→ DIRECTIONS FOR THIS TASK:
Shown below are entries with pictures; the line with "شلوار فوتر گرم" through the line with "The beauty of" is the span to retype exactly, and the pictures stay out.

*** Opening of THE DATA ***

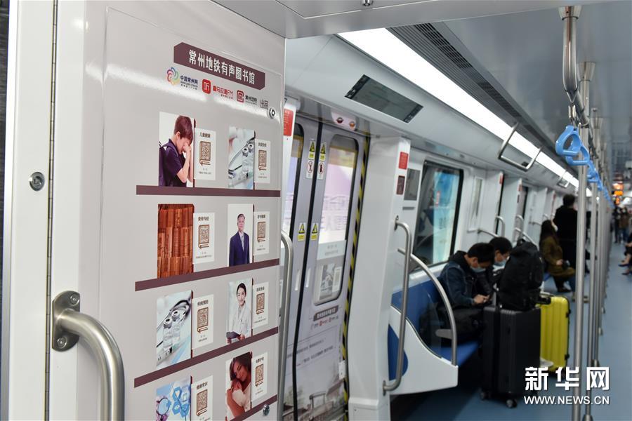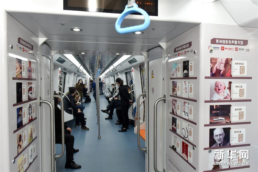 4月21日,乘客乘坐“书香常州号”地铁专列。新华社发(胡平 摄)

*** Close of THE DATA ***
*** Opening of THE DATA ***

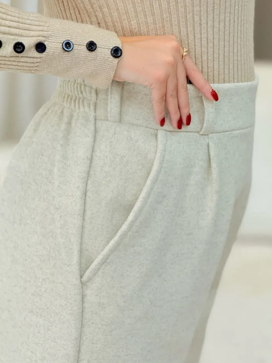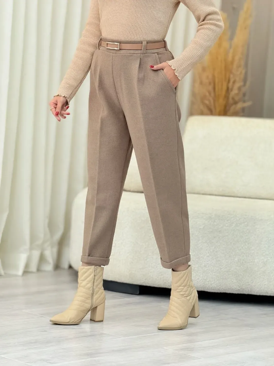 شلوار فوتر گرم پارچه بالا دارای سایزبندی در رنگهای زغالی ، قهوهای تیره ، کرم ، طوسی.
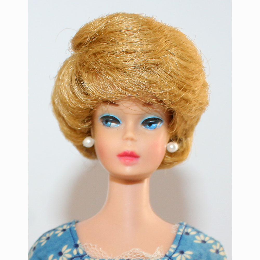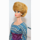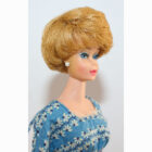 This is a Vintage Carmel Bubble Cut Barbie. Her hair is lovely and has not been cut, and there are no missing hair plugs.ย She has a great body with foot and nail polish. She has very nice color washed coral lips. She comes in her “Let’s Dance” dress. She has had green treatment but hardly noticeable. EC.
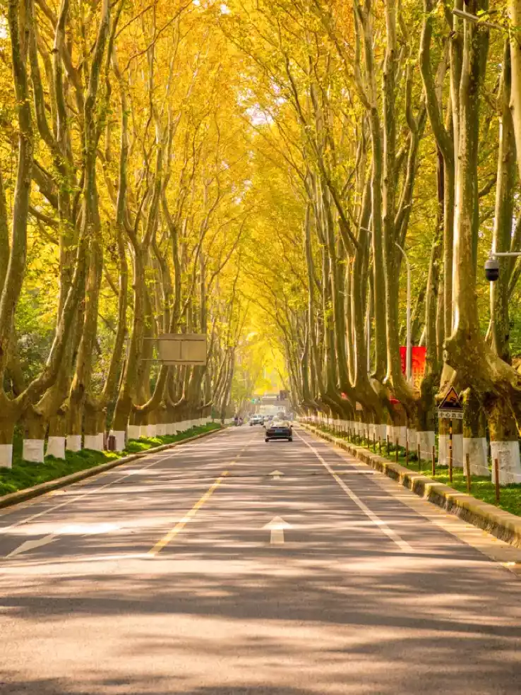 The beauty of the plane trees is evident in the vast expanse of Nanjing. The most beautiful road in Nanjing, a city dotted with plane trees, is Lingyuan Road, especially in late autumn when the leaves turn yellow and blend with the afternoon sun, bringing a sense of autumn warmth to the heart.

*** Close of THE DATA ***
*** Opening of THE DATA ***

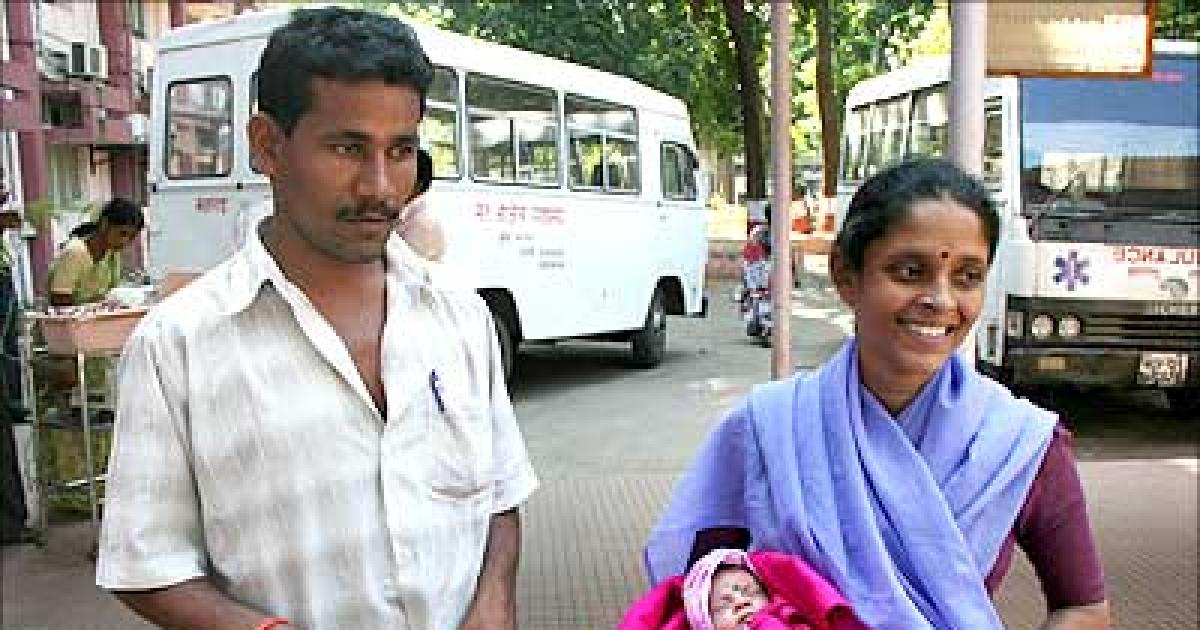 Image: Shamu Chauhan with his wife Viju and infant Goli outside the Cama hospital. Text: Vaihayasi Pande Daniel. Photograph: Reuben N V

*** Close of THE DATA ***

→ TASK RESPONSE:
 شلوار فوتر گرم پارچه بالا دارای سایزبندی در رنگهای زغالی ، قهوهای تیره ، کرم ، طوسی.
 This is a Vintage Carmel Bubble Cut Barbie. Her hair is lovely and has not been cut, and there are no missing hair plugs.ย She has a great body with foot and nail polish. She has very nice color washed coral lips. She comes in her “Let’s Dance” dress. She has had green treatment but hardly noticeable. EC.
 The beauty of the plane trees is evident in the vast expanse of Nanjing. The most beautiful road in Nanjing, a city dotted with plane trees, is Lingyuan Road, especially in late autumn when the leaves turn yellow and blend with the afternoon sun, bringing a sense of autumn warmth to the heart.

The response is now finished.